• How is the line of action and the line of contact determined for racks?
• How does the position of the pitch point change when the distance increases?
• Why does the transmission ratio always remain constant even if the distance changes?
• How can the standard reference pitch circle of a gear be defined using a rack?

Introduction

The fundamentals when two gears are meshing have already been explained in detail in the article Meshing“. In this article a special “gear” will be examined: the rack. The animation below shows the engagement of a driving gear with a driven rack.

Line of contact

A rack is basically a special case of a gear with an infinitely large diameter. The curved flanks finally change into straight flanks. The flanks are just inclined by the amount of the standard pressure angle $$\alpha_0$$ against the vertical. The line of action is also inclined by this angle $$\alpha_0$$ (= operating pressure angle), since the line of action is perpendicular to the rack flanks. As usual, the line of action is a tangent to the base circle of the gear and is thus clearly defined.

The line of contact begins analogous to the pairing of two gears at the intersection $$A$$ between the line of action and the addendum circle of the driven gear, which in the case of a rack ist an addendum line. Likewise, the end of the line of contact $$E$$ is again defined by the intersection between the line of action and the addendum circle of the driving gear.

Pitch point

Analogous to two gears, the pitch point $$C$$ is located at the intersection between the line of action and the center line. Since such a center line always points in the radial direction of a gear and is thus always perpendicular to the “surface” of the gear, in the case of a rack it is thus perpendicular to the racks “surface”. Thus the pitch point $$C$$ is also cleary defined.

With backlash-free meshing, the rack sits firmly with both flanks on the tooth flanks of the gear. Shifting the rack in radial direction does not change the position of the line of action, which is always the flank normal of the rack and the tangent of the gear’s base circle. Neither the base circle nor the flank angle change in this case, so that the line of action remains identical. This also does not result in any changes in the position of the pitch point, since the center line is also retained! The only effect of a distance change is on the length of the line of contact, which is shortened by a radial displacement of the rack away from the gear.

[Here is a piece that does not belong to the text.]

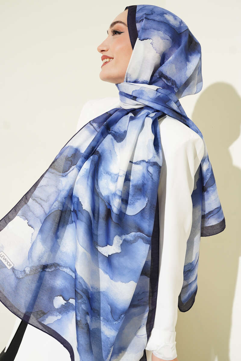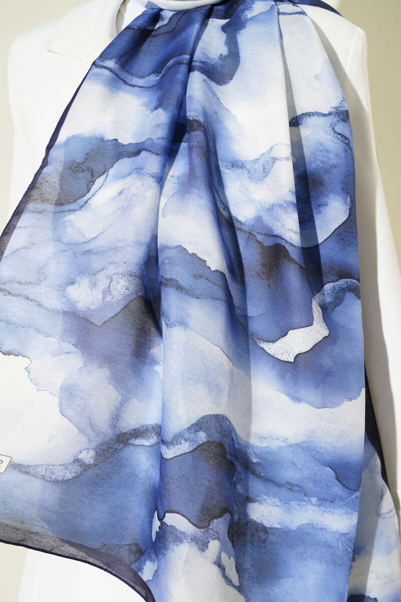 Desenli Soft Lacivert Serisi Şal Asorti 8

The position of the pitch point always remains constant with racks! The line of contact is shortened if the distance between rack and gear is increased!

The unchangeable position of the pitch point is also immediately apparent from its definition. The pitch point is defined as the point at which the circumferential speeds of both “gears” are identical. In the case of the rack, however, it is a translatory motion. Each point on the rack thus always moves at the same speed, regardless of the distance to the gear. This also does not change the pitch circle on the gear whose points move at the same speed as the rack. The pitch circle remains identical and so does the pitch point!

Definition of the standard reference pitch circle

As explained in the section before, the pitch point is independent of the distance between gear and rack! The pitch line of the rack and the pitch circle of the gear (both of which run through the pitch point) do not change either! This fact plays a special role especially when manufacturing gears with the help of rack-shaped tools (hob cutters). This means that even in the case of so-called profile shifts (which are equivalent to the radial displacement of the rack), identical pitch circles always occur on a gear. These are then also referred to as manufacturing pitch circles.

In contrast to a gear, rack-shaped tools (or racks) have identical tooth spacings $$p_0$$ at every point. In the case of gear, however, these tooth spacings depend on the circumference of the circle under consideration. With increasing diameter, which is considered, the teeth are also distributed on an ever larger circumference and the tooth distance consequently increases. Only where the teeth of the rack-shaped tool (or rack) “roll” directly on the gear are identical tooth spacings found (circumferential pitches or circular pitches $$p_0$$). By definition, this corresponds to the manufacturing pitch circles.

For this reason, the manufacturing pitch circles are also called standard reference pitch circles, since the circumferential pitches $$p_0$$ are identical for all gears manufactured with the same rack-shaped tool. The standard reference pitch circle is therefore a fixed (unchangeable) parameter of a gear, which is determined solely by the rack-shaped cutting tool! Therefore, a rack can actually be used as a definition of the standard reference pitch circle of a gear:

The standard reference pitch circle of a gear corresponds to the manufacturing pitch circle when manufacturing the gear with a rack-shaped tool! Or in case of an actual rack: The standard reference pitch circle of a gear corresponds to the operating pitch circle when meshing with a rack!

The always identical circular pitches on the manufacturing pitch circles make it possible not only to pair “normal” gears with profile-shifted gears, but also to combine gears of any size, i.e. any number of teeth, if these were manufactured with the same rack-shaped tool!